Document are analogous to rows in a SQL table, but there is one big
difference: not every document needs to have the same structure—each of
them
can have different fields and that is a very useful
feature in many situations. Another feature of MongoDB is that fields in
a document can contain arrays and or sub-documents (sometimes called
nested or embedded documents).
MongoDB's Strengths
Supporting a
different set of fields for each document
in a collection is one of MongoDB's features. It allows you to store
similar data, but with different properties in the same collection. A
good example of this is storing real (not MongoDB) documents in a way
that is beneficial for a Content Management System (CMS). The CMS might
want to store articles, which have certain properties (e.g. author,
tags, and body), but also related books, which have additional
properties such as their ISBN number, but no
body field. An
article may need to store the periodical's ISSN number in lieu of an
ISBN number. In a relational database there are various ways to solve
this. Most frequently it is either solved by having a table per object
"class" (article or book) or coming up with a scheme that stores
object's properties in linked tables (for example through the
EAV pattern). In MongoDB you would simply store the article and book with the fields they need:
{
_id: ObjectId("51156a1e056d6f966f268f81"),
type: "Article",
author: "Derick Rethans",
title: "Introduction to Document Databases with MongoDB",
date: ISODate("2013-04-24T16:26:31.911Z"),
body: "This arti…"
},
{
_id: ObjectId("51156a1e056d6f966f268f82"),
type: "Book",
author: "Derick Rethans",
title: "php|architect's Guide to Date and Time Programming with PHP",
isbn: "978-0-9738621-5-7"
}
Even though the two documents represent different classes of
objects, you can still construct a query that looks for all the items by
an author, or for all the items with a specific title.
Data Model
Each document in a collection in MongoDB can look totally
different, and how you structure your documents is up to you. MongoDB
doesn't enforce a schema, but your application still should. Although
MongoDB is generally very fast, the way how you structure and index your
documents and collections has a big influence on the performance of
your application. While designing your schema you should focus more on
how the data is inserted, updated and queried and less on how the data
is structured. If sometimes you need to denormalise your data, then that
is a totally normal thing to do, even though it might look dirty at
first.
Interactions Between Collections
MongoDB makes different choices regarding functionality and
scaling than relational databases. MongoDB is very easy to scale through
replication and sharding, but it misses out on features like joins and
transactions because of this. Operations in MongoDB are only atomic per
single document, and only operate on one collection. Not allowing
operations between collections (joins) sounds like a real issue, but
with the
support of arrays and sub-documents this is actually in most cases not a problem. Let's have a look at the following example:
Take an application where we store image (meta) data and tags
that go with those images. In a relational database you would store that
in three different tables:
Images
id
|
filename
|
mimetype
|
size
|
1
|
cow.jpg
|
image/jpg
|
9123
|
2
|
bunny.png
|
image/png
|
8192
|
Tags
id
|
value
|
1
|
animal
|
2
|
cute
|
3
|
tasty
|
ImageTags
image_id
|
tag_id
|
1
|
1
|
1
|
3
|
2
|
1
|
2
|
2
|
And queries for both meta-data and the tags for the bunny (
id = 2
) are as follows:
SELECT *
FROM Images
WHERE id = 2
SELECT value
FROM ImageTags LEFT JOIN Tags ON (Tags.id = ImageTags.tag_id)

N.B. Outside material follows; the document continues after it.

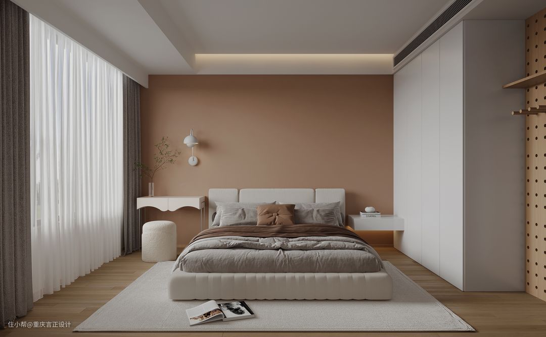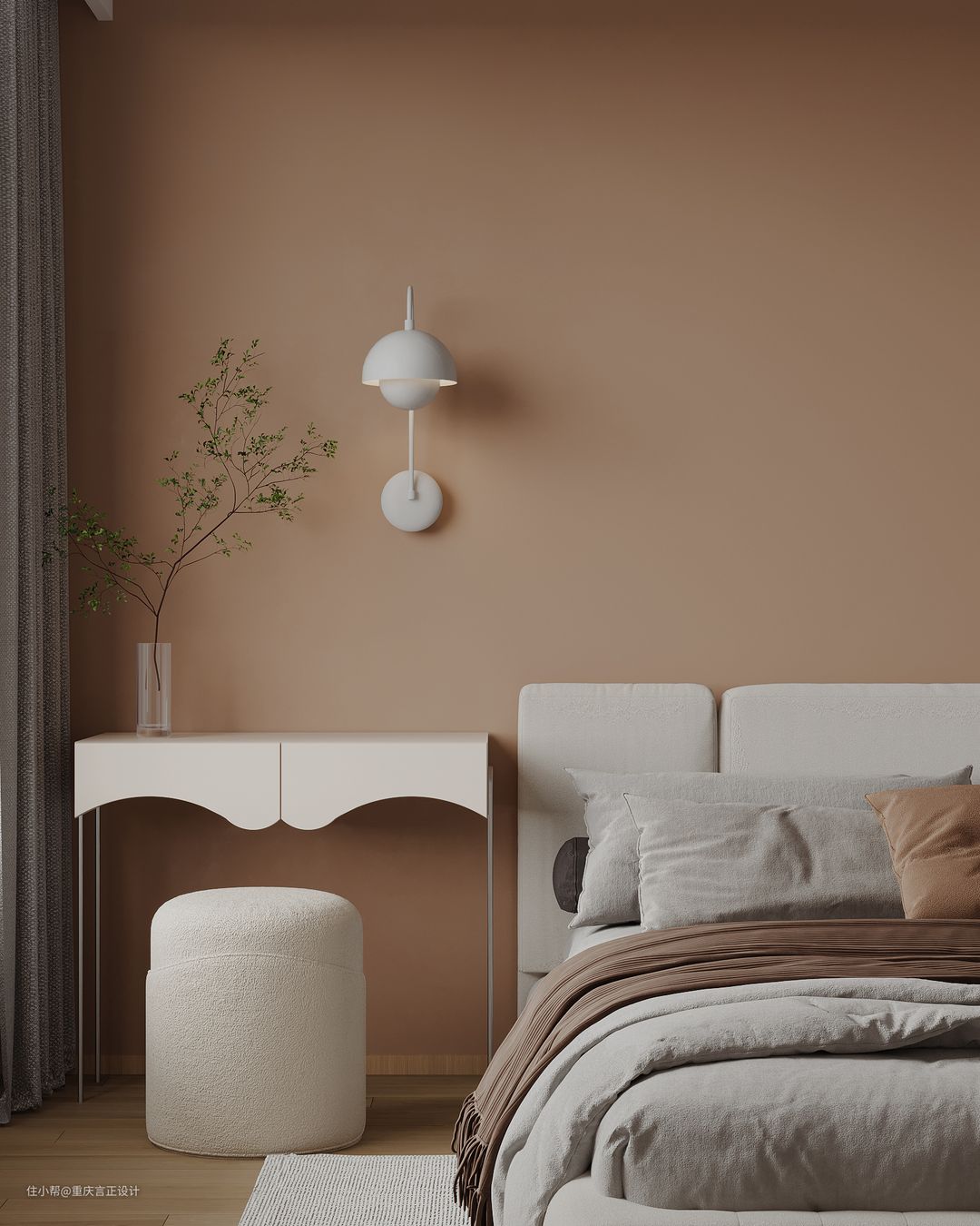 主卧一样延续着客厅沉稳的风格,以大面积的暗橘色来给予空间稳重,再极简性的衣柜让整个空间具有层次感。

WHERE ImageTags.image_id = 2
This is quite complex as you can see. There are three tables,
and two queries involved. In MongoDB, you might store the same data as:
Images
{
_id: 1,
filename: 'cow.jpg',
mimetype: 'image/jpg',
size: 9123,
tags: [ 'animal', 'tasty' ]
},
{
_id: 2,
filename: 'bunny.png',
mimetype: 'image/png',
size: 8192,
tags: [ 'animal', 'cute' ]
}
To provide the same results as with the two SQL queries above, you would run in the
MongoDB shell:
db.Images.find( { _id: 2 } );
And on top of that, you have all the data right in one place ready for display.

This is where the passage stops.